O responsável da empresa disse esperar que “seja cada vez mais residual o número de pessoas que não tem energia”.

O presidente do conselho de administração da E-Redes, José Ferrari Careto, afirmou hoje não haver previsibilidade sobre quando vai ser possível ter o restabelecimento total de energia elétrica à região afetada pela depressão Kristin.

“Eu esclareço que não consigo, neste momento ter previsibilidade sobre a data em que toda a gente vai ter energia no perímetro desta intempérie. É a resposta mais séria e a resposta mais honesta que eu tenho para dar neste momento”, declarou José Ferrari Careto.

Numa conferência de imprensa nos Bombeiros Sapadores de Leiria, onde o município instalou um centro de operações, o responsável da empresa disse esperar que “seja cada vez mais residual o número de pessoas que não tem energia”.

“Mas não consigo dizer mais do que isto, neste momento, sob prejuízo de estar a criar falsas expetativas e de estar a faltar à verdade”, adiantou.

Antes, explicou que à medida que a empresa vai “resolvendo avarias de média tensão” acrescenta “mais clientes energizados” e à medida que se ultrapassam as avarias de baixa tensão, aumentam os clientes com eletricidade.

“Mas, infelizmente, gostava muito, mas não consigo dar aqui e agora uma data para dizer que toda a gente vai ter energia”, admitiu, reconhecendo haver uma “probabilidade elevada” de chegar ao final deste mês com todos os clientes com energia restabelecida.

A passagem da depressão Kristin por Portugal continental, na quarta-feira, causou pelo menos cinco mortos, segundo a Proteção Civil, vários feridos e desalojados.
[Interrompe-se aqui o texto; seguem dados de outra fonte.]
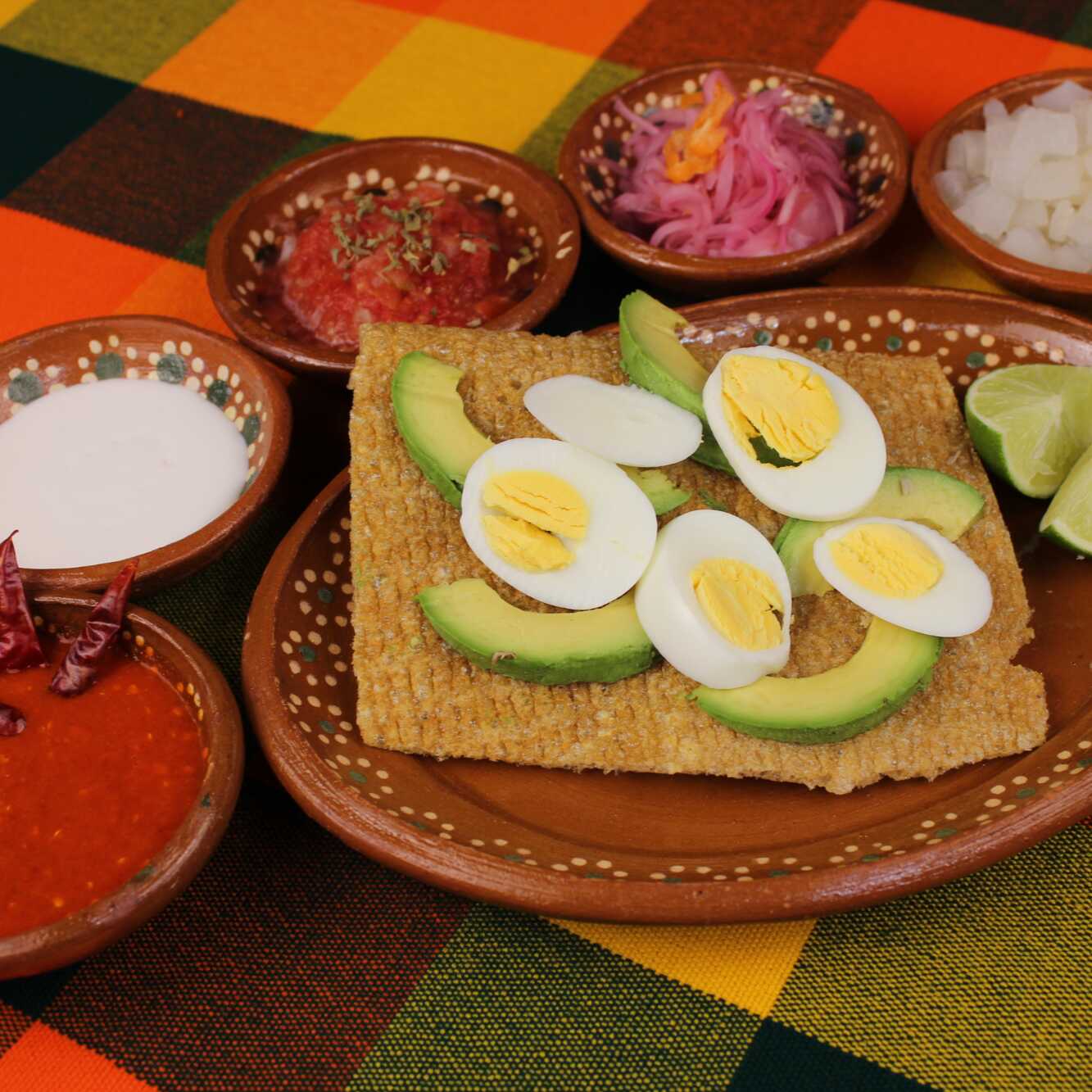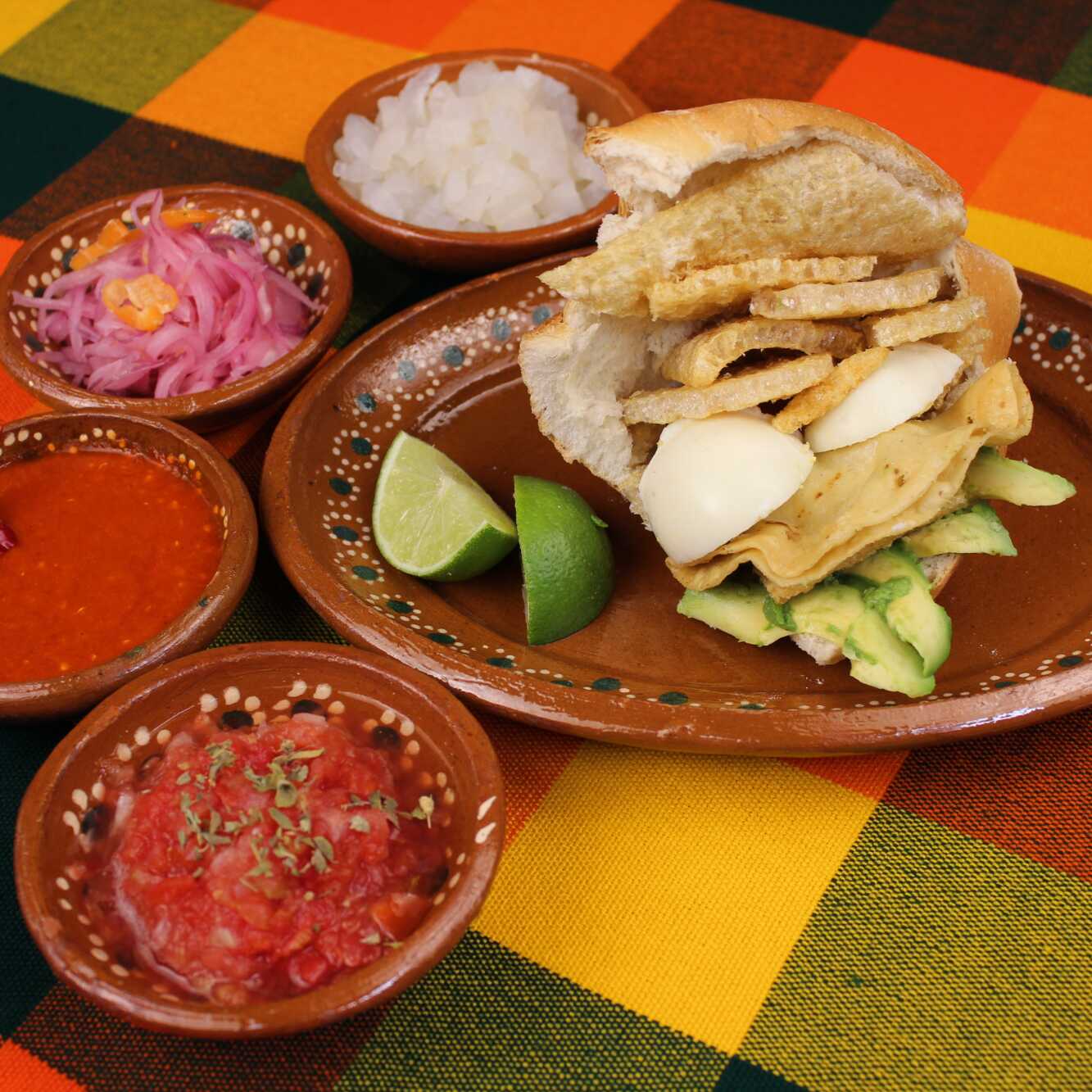 Sabrosa combinación de aguacate con huevo cocido además de duro en el bolillo, acompañada por separado para que te sirvas a tu gusto con salsa picante de árbol, salsa sin picante tipo pico de gallo, cueritos, limón y cebolla morada en habanero.
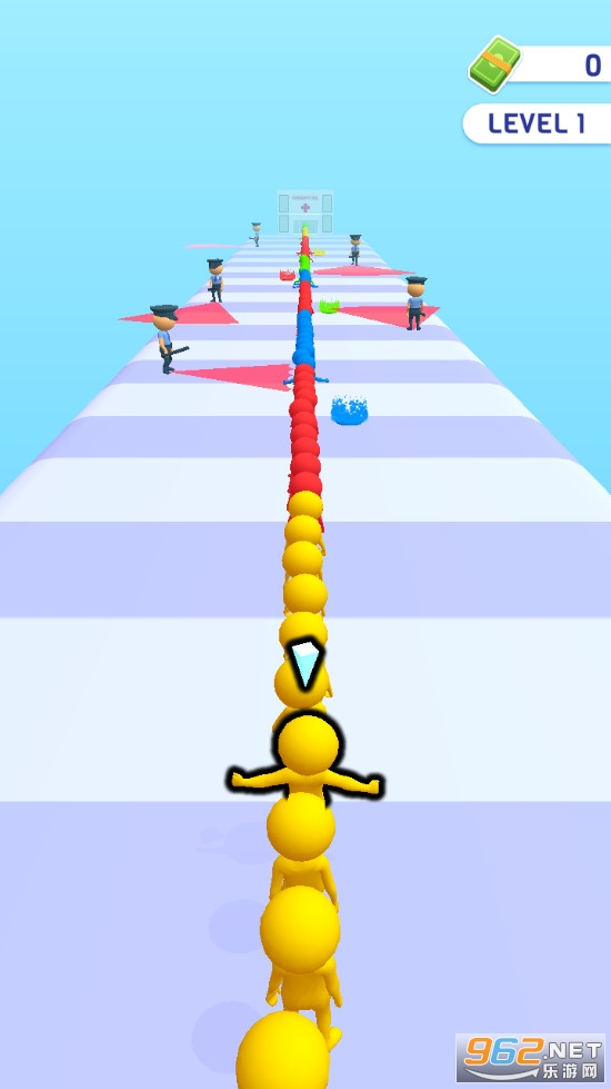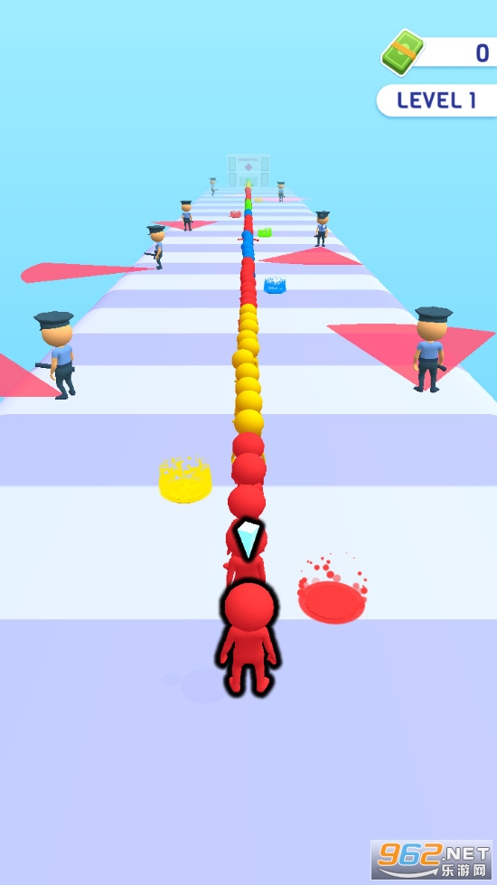 插队的闯关游戏,橡皮人经过路上一些颜料堆可以变换自身的颜色,你只能插入与自己颜色相同的队伍,如果插入到其他颜色队伍会被其他人踢出来,如果被巡逻保安发现会被打一顿,喜欢的朋友可以下载试试。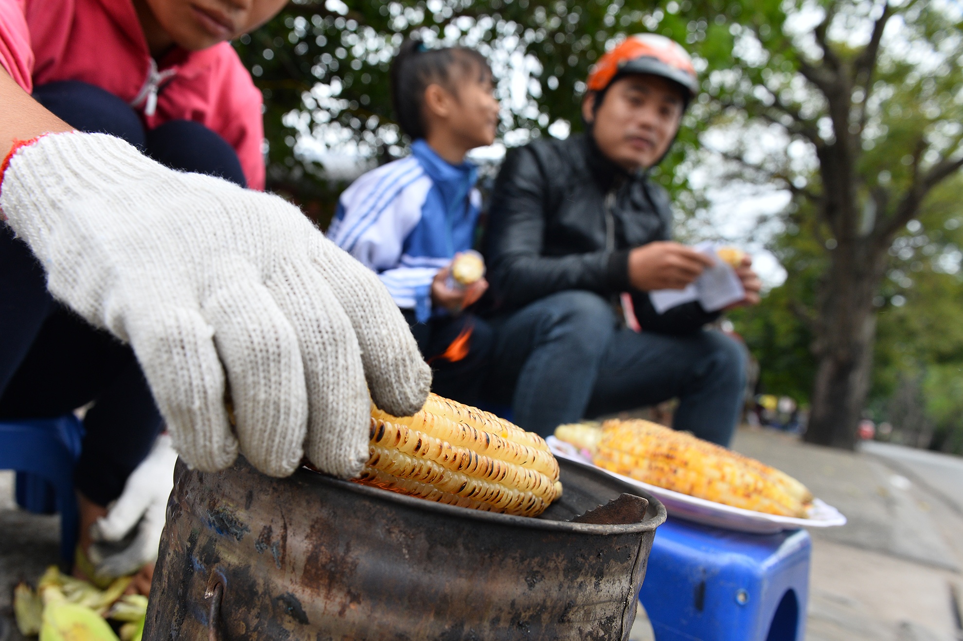 | Một số hàng ngô nướng quanh khu vực Yên Phụ đông khách hơn thường lệ. Giá bán một bắp là 10.000 đồng. |
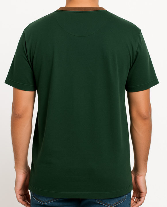 Elevate your casual wardrobe with this men’s dark green Henley T-shirt featuring a contrasting brown round neck collar. Designed with a three-button placket, short sleeves, and a comfortable regular fit, this T-shirt blends minimalism with a touch of detail. Made from breathable cotton-blend fabric, it ensures all-day comfort and style, perfect for everyday wear, casual outings, or layering under jackets.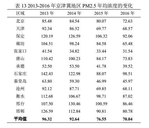 2013年至2016年,京津冀各地的PM2.5年均浓度趋于下降,尤其是2015年的下降幅度尤为明显,可见“大气国十条”的实施取得了一定的成效,但仍与预期目标有一定差距,尤其是北京的雾霾治理措施对于冬季低风速静稳天气的PM2.5浓度下降的效果不显著,2016年年底的“十天连霾”和“频频爆表”让京津冀人民更是经历煎熬。

A Câmara da Marinha Grande contabiliza ainda uma outra vítima mortal no concelho. No sábado, outros dois homens morreram ao caírem de um telhado que estavam a reparar, um no concelho da Batalha e outro em Alcobaça. Na madrugada de domingo, um homem morreu no concelho de Leiria por intoxicação com monóxido de carbono com origem num gerador.

Quedas de árvores e de estruturas, corte ou o condicionamento de estradas e serviços de transporte, em especial linhas ferroviárias, fecho de escolas e cortes de energia, água e comunicações são as principais consequências materiais do temporal.

Leiria, por onde a depressão entrou no território, Coimbra e Santarém são os distritos que registam mais estragos.

O Governo decretou situação de calamidade entre as 00:00 de quarta-feira até às 23:59 de dia 01 de fevereiro para cerca de 60 municípios, número que pode aumentar.